Believing that kindness, compassion, laughter and love can improve the state of decay that has happened gets me through some rough spots. Believing that helping one another, hearing one another, touching one another with kindness when we can are all actions that improve the condition of the world.
And the world is the planet. So the compassion, love, kindness, gentle touch all pertain to Her as well as the two leggeds who roam her surface. She is fed up with the ignorant, relentless abuse of her resources. She is angry and tired. And She appears to be exploding in Her rage.
I've said this before but it is worth repeating because we need to understand it, we are the only living things on this small orb called Earth that are unnecessary for Her survival. She does not need us. For anything. And yet She has welcomed us and cared for us and provided for us.
Ben asked me to be thinking about what I have to say in these highly charged times to comfort people, to give people hope. And maybe being comfortable has been part of the problem. It's too easy, when we are comfortable, to not look at what needs to change. On the other hand we are hearing more and more about the lack of resources for people who are suffering from depression and so called mental illness. So having something to offer people besides chicken little rhetoric is important.

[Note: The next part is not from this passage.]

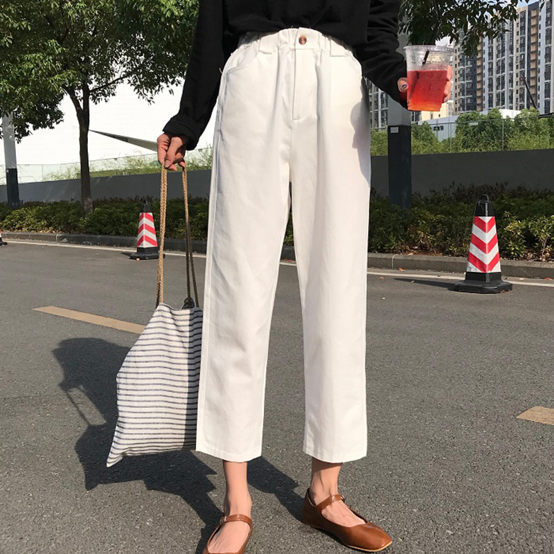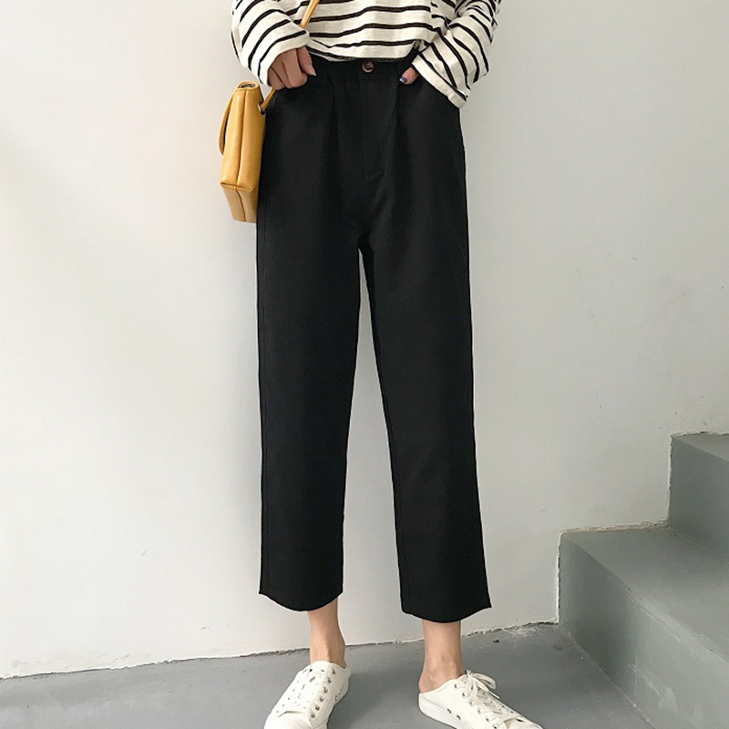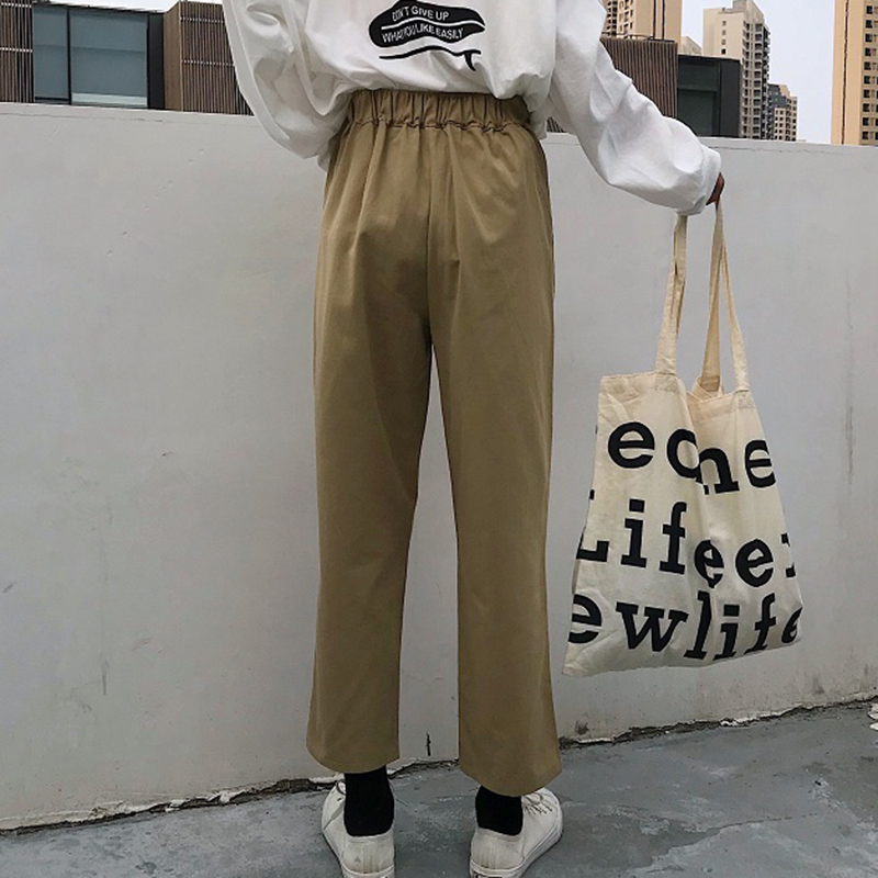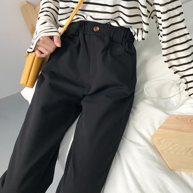 / 秋裝新款女裝韓版寬松百搭松緊腰直筒休閑褲高腰顯瘦九分闊腿褲潮

I want to believe our voices still matter in this country. That our vote still matters. That speaking up about the freedoms and values we hold most dear is still important. So vote. If you qualify, vote. Thoughtfully and with sensibility to the future of the country and the planet.
If you are of child bearing age and struggling with making informed decisions about having a baby or having another baby, think long and hard about it. It's a pretty tenuous place right now. Our rivers are drying up. Our air quality is compromised. The basic necessities to thrive like food and water are just getting more and more expensive.

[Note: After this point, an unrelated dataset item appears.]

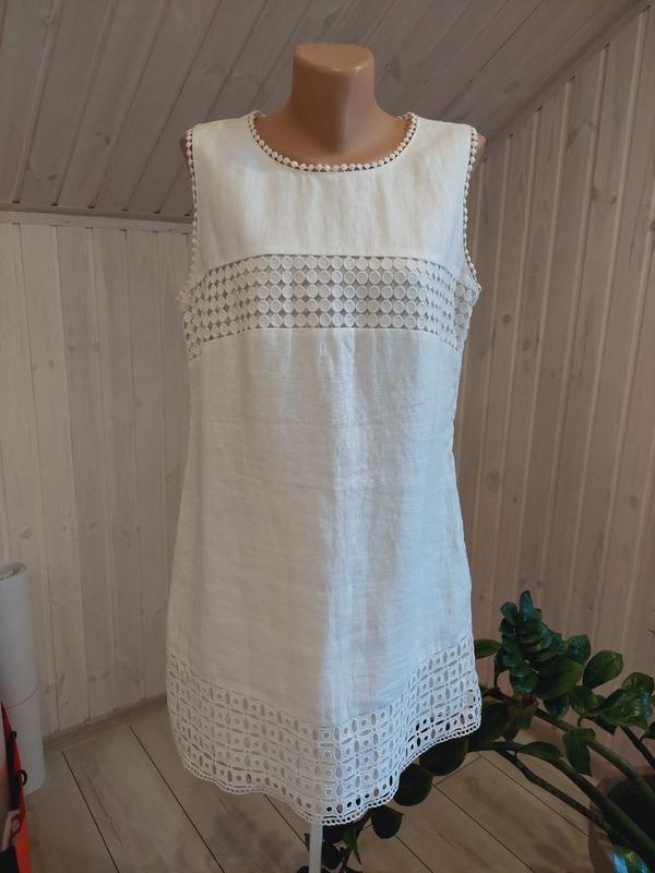 Льняное платье Next со вставками прошвы,по бирке размер 14UK 42EUR. Состояние идеальное. Дл.86см пог 49см пот 48см поб 54см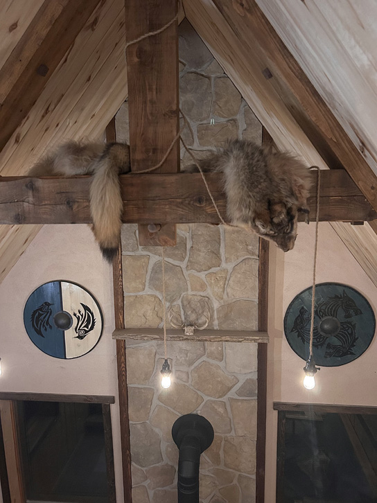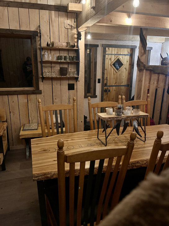 Nous avons été vraiment impressionnés par tous les détails sur place: la hache en guise de poignée de porte, les runes qui illuminent dans le noir (tant à l’extérieur de la maison que sur la table de la cuisine), des verres en cornes, un casque de Viking pour prendre des photos, des boucliers sur les murs, de la fourrure sur les rampes d’escalier… Quelles belles attentions pour nous transporter dans cet univers unique!

I know this is radical thinking. And I do apologize if I am leaning on anyone's nerves and I feel like we need to speak in radical terms. And all of this is just my opinion about things. We must be able to have conversations about all of this. Civilized conversations. Sharing ideas and possible solutions to some of the problems we are facing.
Violence is almost never the answer. Yet we see it more and more every day. Fear is so often the ignitor for violence. And I think a lot of people are living in fear and scarcity which is an impossible place from which to promote hope or encouragement.
Maybe asking ourselves, “What can I do today to make a difference in one person's life?”. Or, as we move through our day, before we tear off a paper towel or throw away something that can be recycled, asking ourselves if there is another way that might be better. It kind of goes back to that comfortable feeling. We can get lazy. Being mindful and caring for others and the environment takes more energy from us than just mindlessly throwing things away that with a little bit more effort could be re-homed or re-purposed. So many gadgets today are disposable but we are running out of places to dispose of them. Simply engaging your self talk in a more mindful way can help make a difference.
So I guess I feel like sticking around and being who we are is what we can do. We can stick around and do what we can do to slow down the tide of what could be otherwise. We can stick around, and come together with our hope, our joy, our glad tidings, our voices, and, we can make a difference.
This is Sean Jeung. Thank you for listening and a huge thank you to all of you who have taken the time to show your support though cups of coffee. I feel like I haven't said that often enough.